[Items from a dataset]
- - -
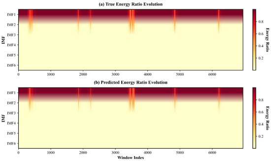 To further explore the mechanism by which the energy ratio loss function constrains the energy distribution in the reconstructed signal and thereby reduces information loss, we conducted a series of visual analyses. Physically, the energy ratio loss acts as a soft conservation law: it penalizes any artificial creation or dissipation of modal energy during the decomposition–reconstruction cycle, mimicking the principle of energy conservation that governs real cutterhead dynamics. By keeping the relative energy share of each IMF constant, the loss discourages the model from “borrowing” energy from high-frequency modes to fit low-frequency trends (or vice-versa), a situation that often produces visually plausible but physically implausible torque trajectories. Figure 12 presents heatmaps of the energy ratio evolution for each VMD modal component (IMF) across all data windows. Panel (a) shows the true energy ratio evolution, while panel (b) displays the predicted ratios generated by the proposed model. It is evident that the predicted energy distribution closely tracks the true distribution for the dominant components (IMF1 and IMF2), demonstrating the model’s ability to preserve modal energy profiles over time. Lower-order IMFs (IMF3–IMF6) maintain minor yet stable energy ratios, indicating that the energy ratio loss function effectively compels the model to maintain a physically meaningful modal energy structure throughout the prediction process. Figure 13 further reveals that energy ratio deviations predominantly arise in the leading modal component (IMF1), with higher-order components contributing negligible error. This outcome demonstrates that the energy ratio loss function specifically targets the principal energetic content, enabling the model to effectively constrain and preserve the most informative features.
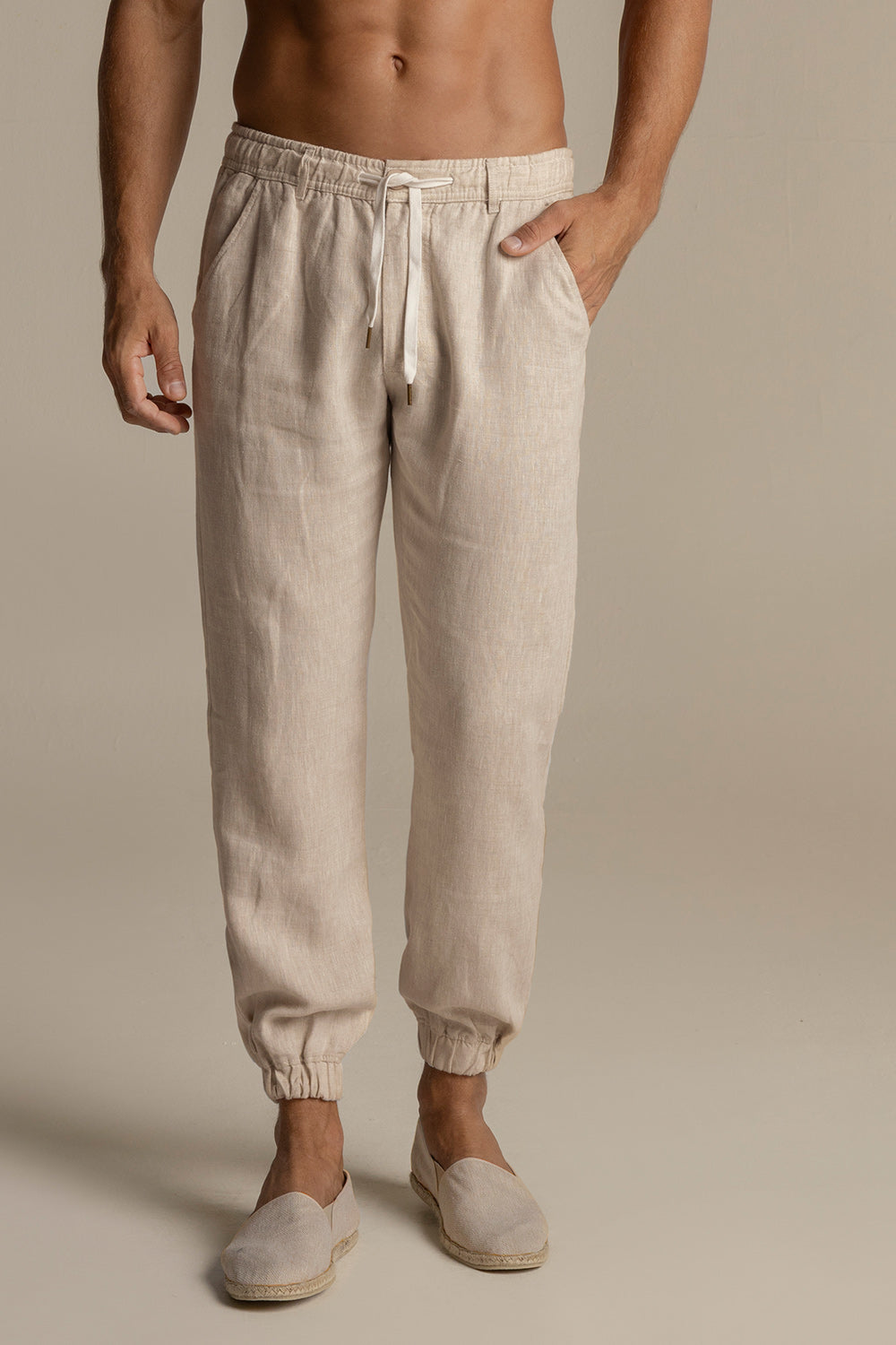 Pantalón jogger duna en lino, silueta relajada, cintura enresortada, pasadores, botón para ajuste en cintura, bolsillos laterales y bolsillos de ribete traseros. Color caqui, Ref. PH16K21
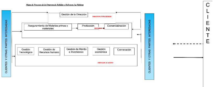 La investigación se realiza en la Empresa de Bebidas y Refresco de “La Habana” en el año 2017 con el objetivo de valorar el diagnóstico estratégico de la empresa utilizando herramientas del Modelo DEISDE como son: las matrices de relaciones externas e internas y la evaluación del nivel de integración del sistema de dirección de la empresa. Para la confección de las matrices de relaciones externas e internas a través de los procesos claves de la Empresa se hace necesario conocer el Mapa de procesos de la Entidad, el que se muestra en la Figura 1.
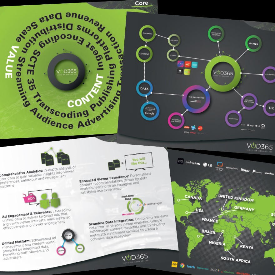Info graphics and brand marketing print publications for UK media entertainment platform and the various sub brands under their company that focus on children's content, music, sport and entertainment for global platforms such as ROKU, SamsungTV+, Amazon Fire Stick, Freeview, Netgem, Youview and MOVI Africa.
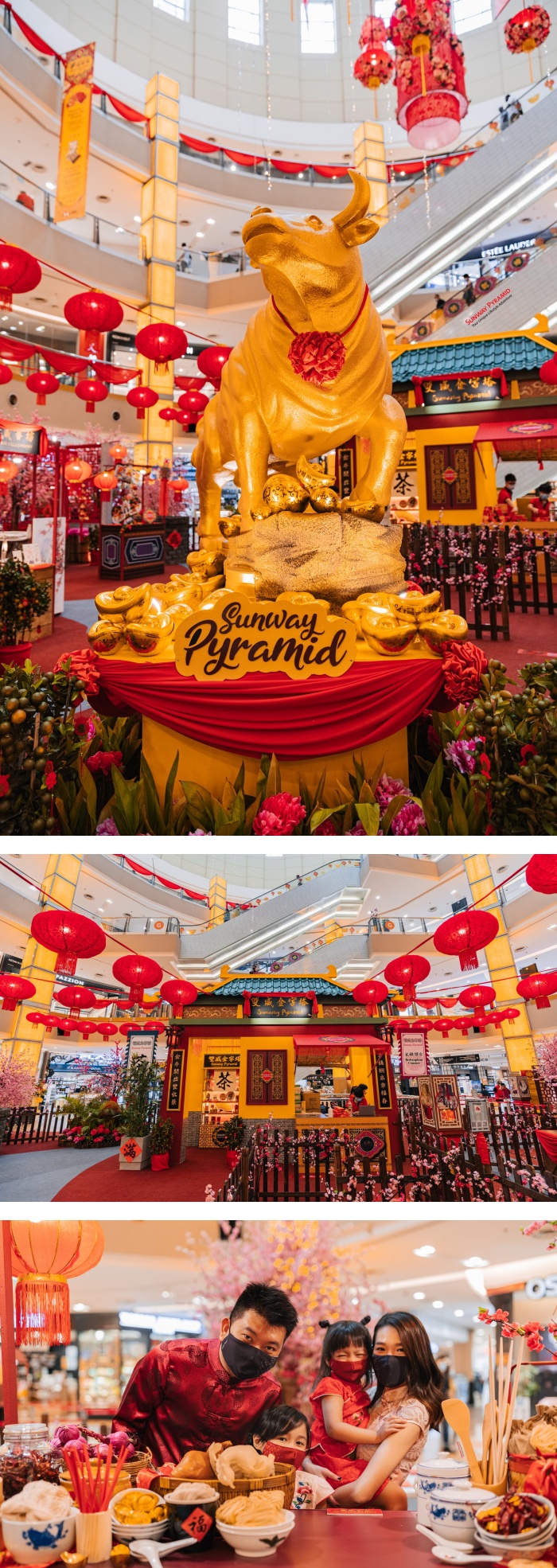 Sunway Pyramid 今年也是用尽了心思啊!宾客来到底层二楼 Orange Concourse 位置就可以看见金光闪闪的古城,周围还有象征吉祥如意的桔子树以及红灯笼作为点缀,在中央大厅位置还设有一只大金牛,为整个商场增添不少喜气洋洋的气息啊!
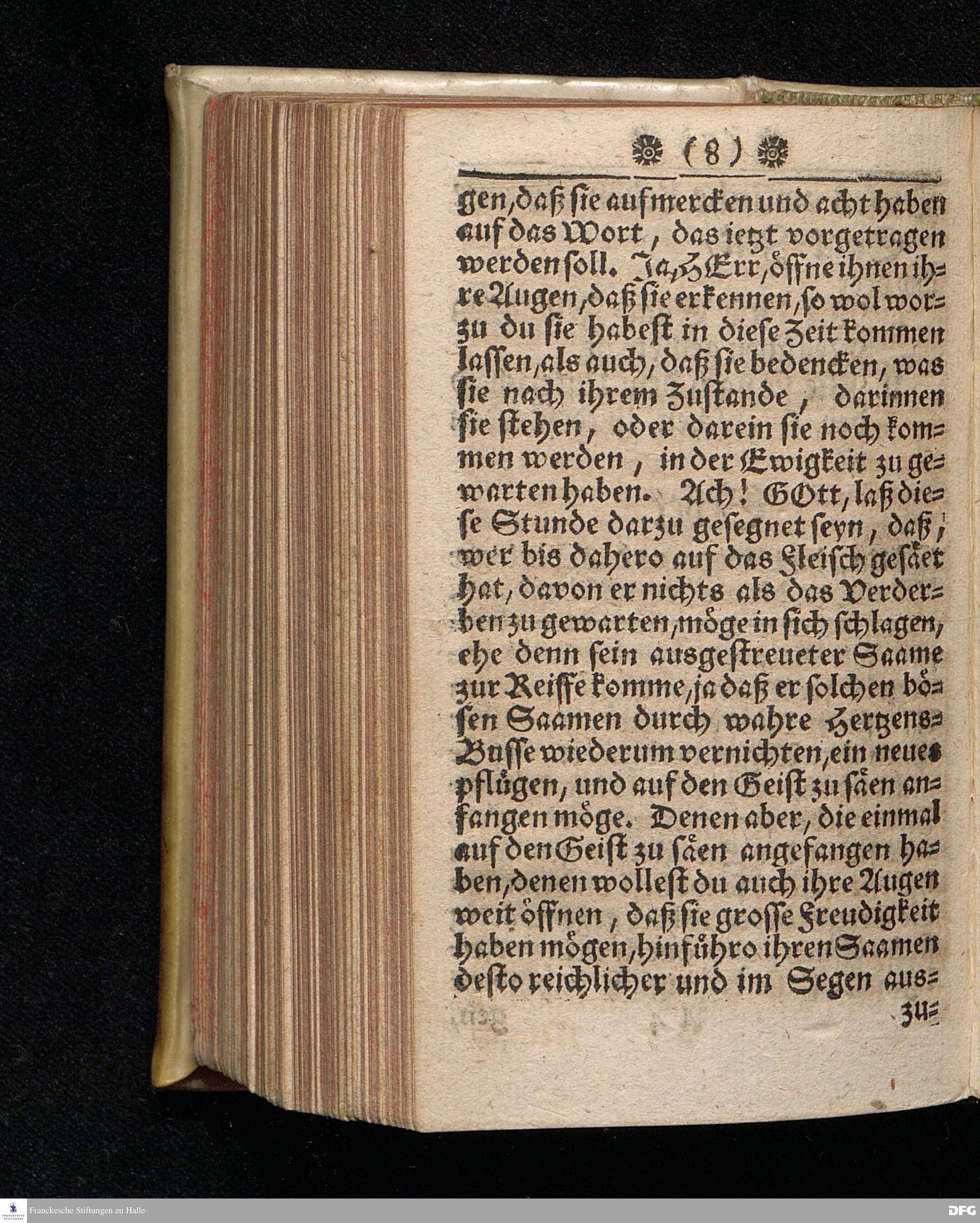 Das Zeitliche Leben als eine Saat=Zeit / In einer Predigt über Galat.VI, 7.8. Am XV.Sonntage nach Trinit. Anno 1709. In der Schul=Kirche zu Halle / vorgestellet von Aug.Herrm.[!] Francken / S.Th.Prof.Ord.und Past. Dritte Auflage. HALLE, In Verlegung des Wäysenhauses. MDCCXXIX.
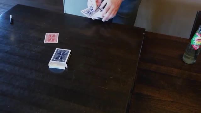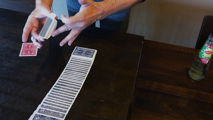 A BLUE backed "Prediction" card is removed from a RED deck and is isolated under the card box. In this manner, it remains in FULL VIEW at all times throughout the routine.
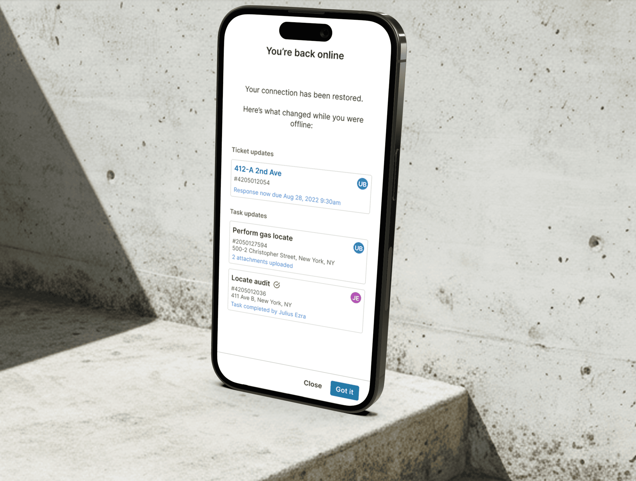 Without a functional tool in low-connectivity areas, damage prevention inspectors spent more time documenting site audits by hand, leading to less site audits - posing significant safety and compliance risks.
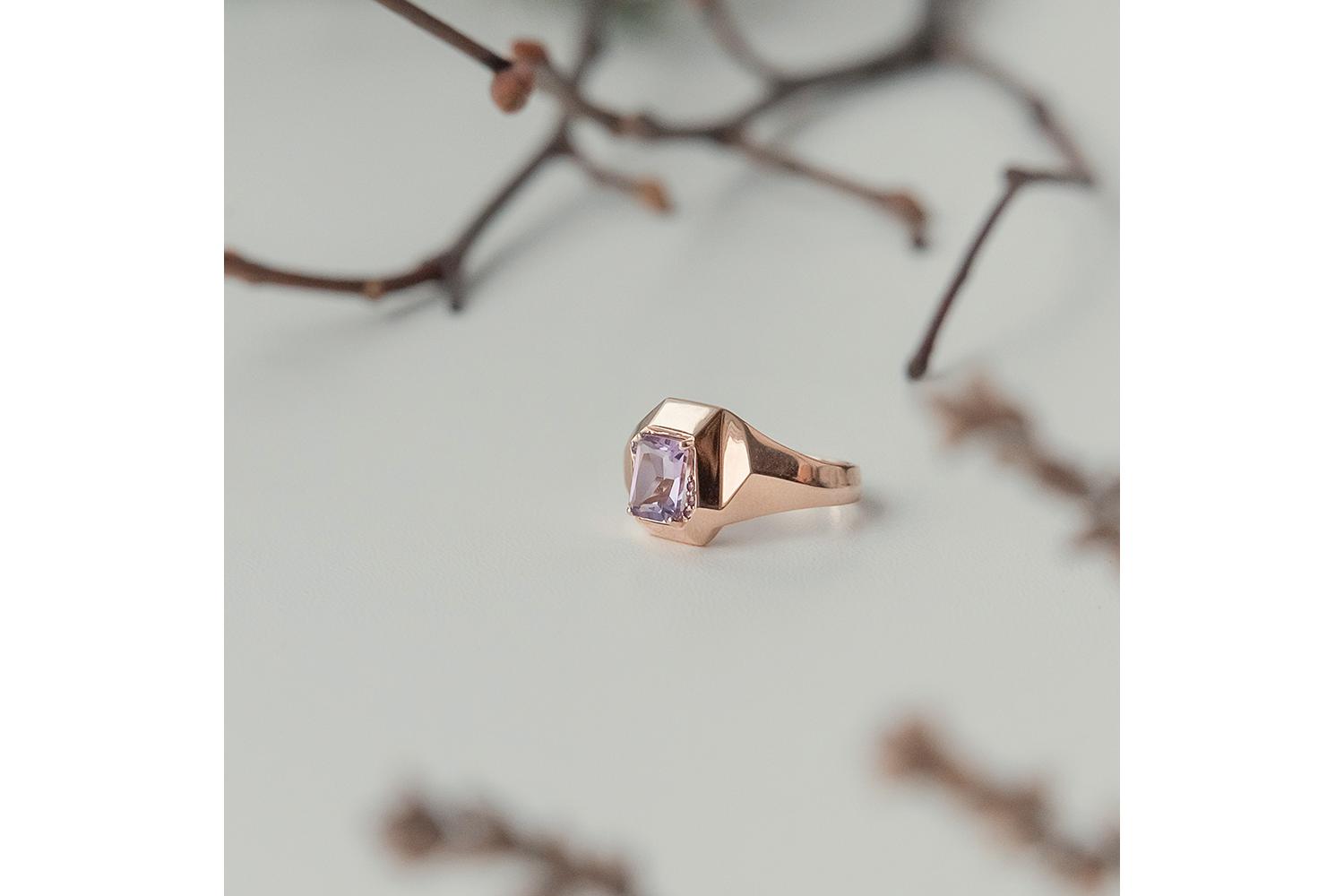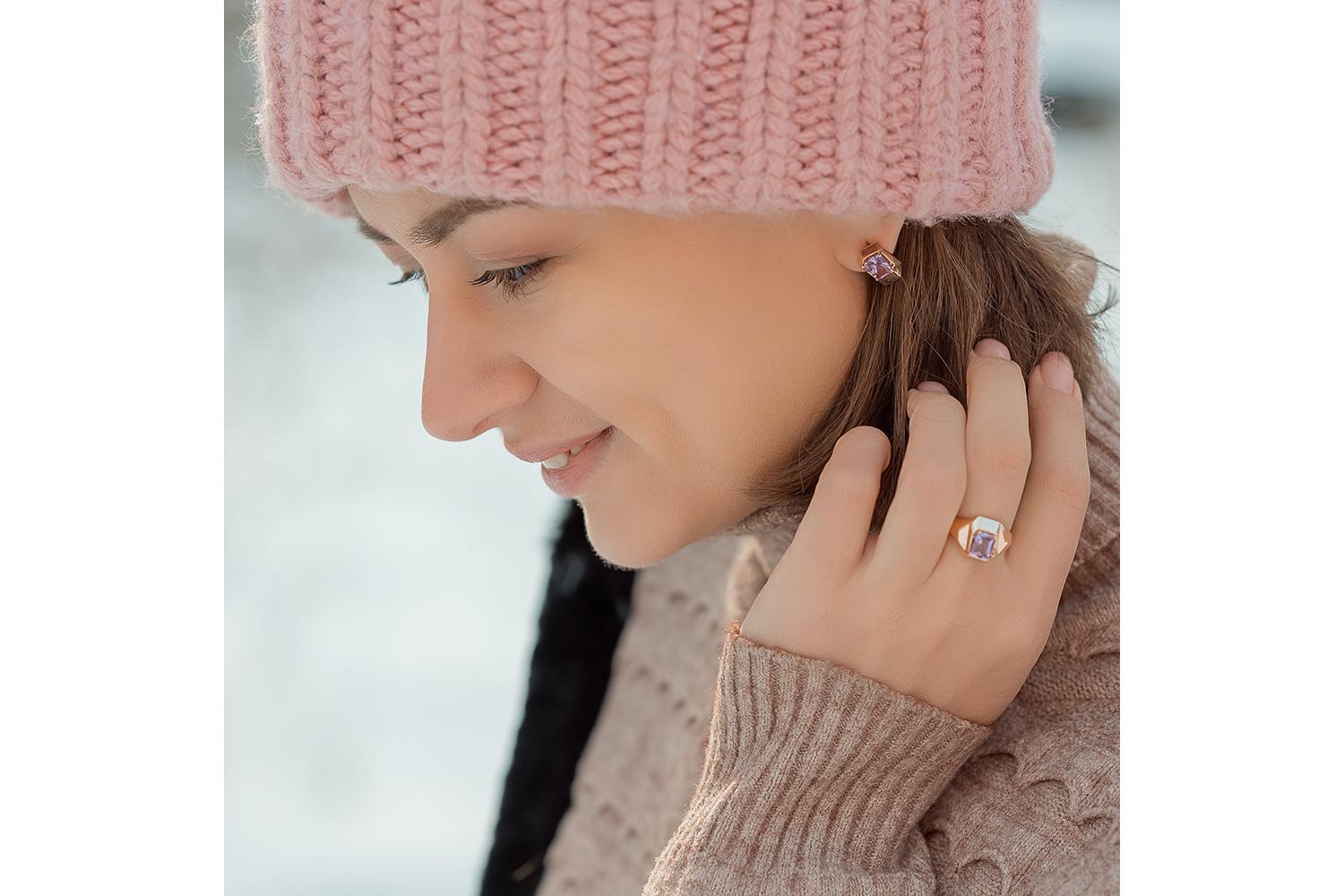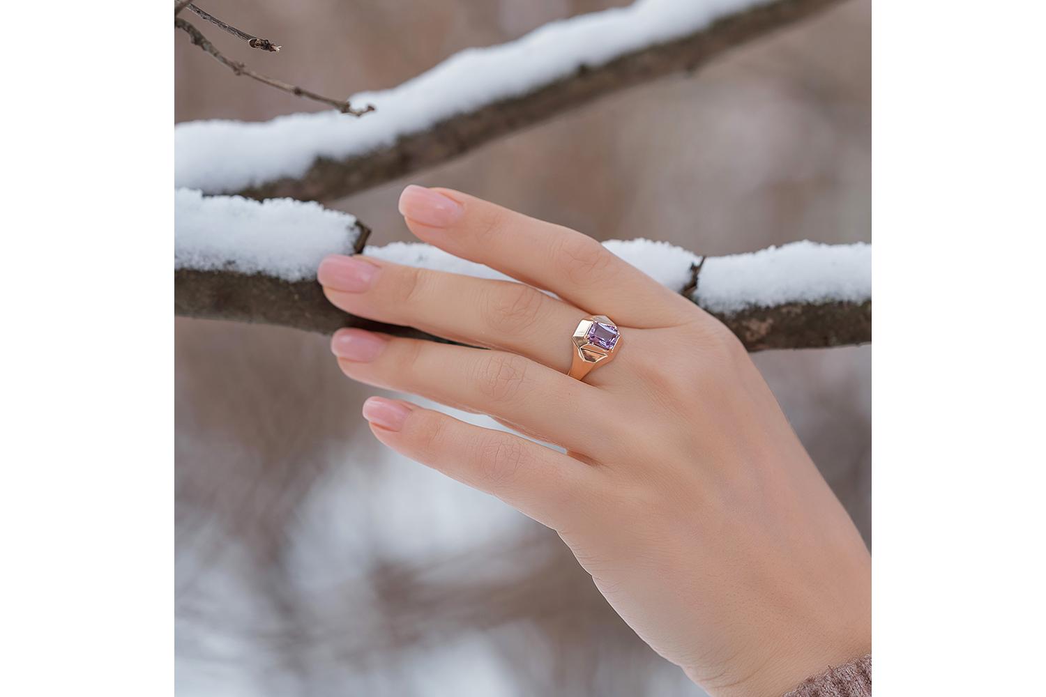 Мастера компании NEWGOLD, приложив всё свое мастерство и искусство, создали для Вас на нашем собственном производстве Кольцо из красного золота с аметистом и 4 фианитами.
- - -
Write out all the entries word for word, but drop the pictures.

Solved exercise:
 To further explore the mechanism by which the energy ratio loss function constrains the energy distribution in the reconstructed signal and thereby reduces information loss, we conducted a series of visual analyses. Physically, the energy ratio loss acts as a soft conservation law: it penalizes any artificial creation or dissipation of modal energy during the decomposition–reconstruction cycle, mimicking the principle of energy conservation that governs real cutterhead dynamics. By keeping the relative energy share of each IMF constant, the loss discourages the model from “borrowing” energy from high-frequency modes to fit low-frequency trends (or vice-versa), a situation that often produces visually plausible but physically implausible torque trajectories. Figure 12 presents heatmaps of the energy ratio evolution for each VMD modal component (IMF) across all data windows. Panel (a) shows the true energy ratio evolution, while panel (b) displays the predicted ratios generated by the proposed model. It is evident that the predicted energy distribution closely tracks the true distribution for the dominant components (IMF1 and IMF2), demonstrating the model’s ability to preserve modal energy profiles over time. Lower-order IMFs (IMF3–IMF6) maintain minor yet stable energy ratios, indicating that the energy ratio loss function effectively compels the model to maintain a physically meaningful modal energy structure throughout the prediction process. Figure 13 further reveals that energy ratio deviations predominantly arise in the leading modal component (IMF1), with higher-order components contributing negligible error. This outcome demonstrates that the energy ratio loss function specifically targets the principal energetic content, enabling the model to effectively constrain and preserve the most informative features.
 Pantalón jogger duna en lino, silueta relajada, cintura enresortada, pasadores, botón para ajuste en cintura, bolsillos laterales y bolsillos de ribete traseros. Color caqui, Ref. PH16K21
 La investigación se realiza en la Empresa de Bebidas y Refresco de “La Habana” en el año 2017 con el objetivo de valorar el diagnóstico estratégico de la empresa utilizando herramientas del Modelo DEISDE como son: las matrices de relaciones externas e internas y la evaluación del nivel de integración del sistema de dirección de la empresa. Para la confección de las matrices de relaciones externas e internas a través de los procesos claves de la Empresa se hace necesario conocer el Mapa de procesos de la Entidad, el que se muestra en la Figura 1.
Info graphics and brand marketing print publications for UK media entertainment platform and the various sub brands under their company that focus on children's content, music, sport and entertainment for global platforms such as ROKU, SamsungTV+, Amazon Fire Stick, Freeview, Netgem, Youview and MOVI Africa.
 Sunway Pyramid 今年也是用尽了心思啊!宾客来到底层二楼 Orange Concourse 位置就可以看见金光闪闪的古城,周围还有象征吉祥如意的桔子树以及红灯笼作为点缀,在中央大厅位置还设有一只大金牛,为整个商场增添不少喜气洋洋的气息啊!
 Das Zeitliche Leben als eine Saat=Zeit / In einer Predigt über Galat.VI, 7.8. Am XV.Sonntage nach Trinit. Anno 1709. In der Schul=Kirche zu Halle / vorgestellet von Aug.Herrm.[!] Francken / S.Th.Prof.Ord.und Past. Dritte Auflage. HALLE, In Verlegung des Wäysenhauses. MDCCXXIX.
 A BLUE backed "Prediction" card is removed from a RED deck and is isolated under the card box. In this manner, it remains in FULL VIEW at all times throughout the routine.
 Without a functional tool in low-connectivity areas, damage prevention inspectors spent more time documenting site audits by hand, leading to less site audits - posing significant safety and compliance risks.
 Мастера компании NEWGOLD, приложив всё свое мастерство и искусство, создали для Вас на нашем собственном производстве Кольцо из красного золота с аметистом и 4 фианитами.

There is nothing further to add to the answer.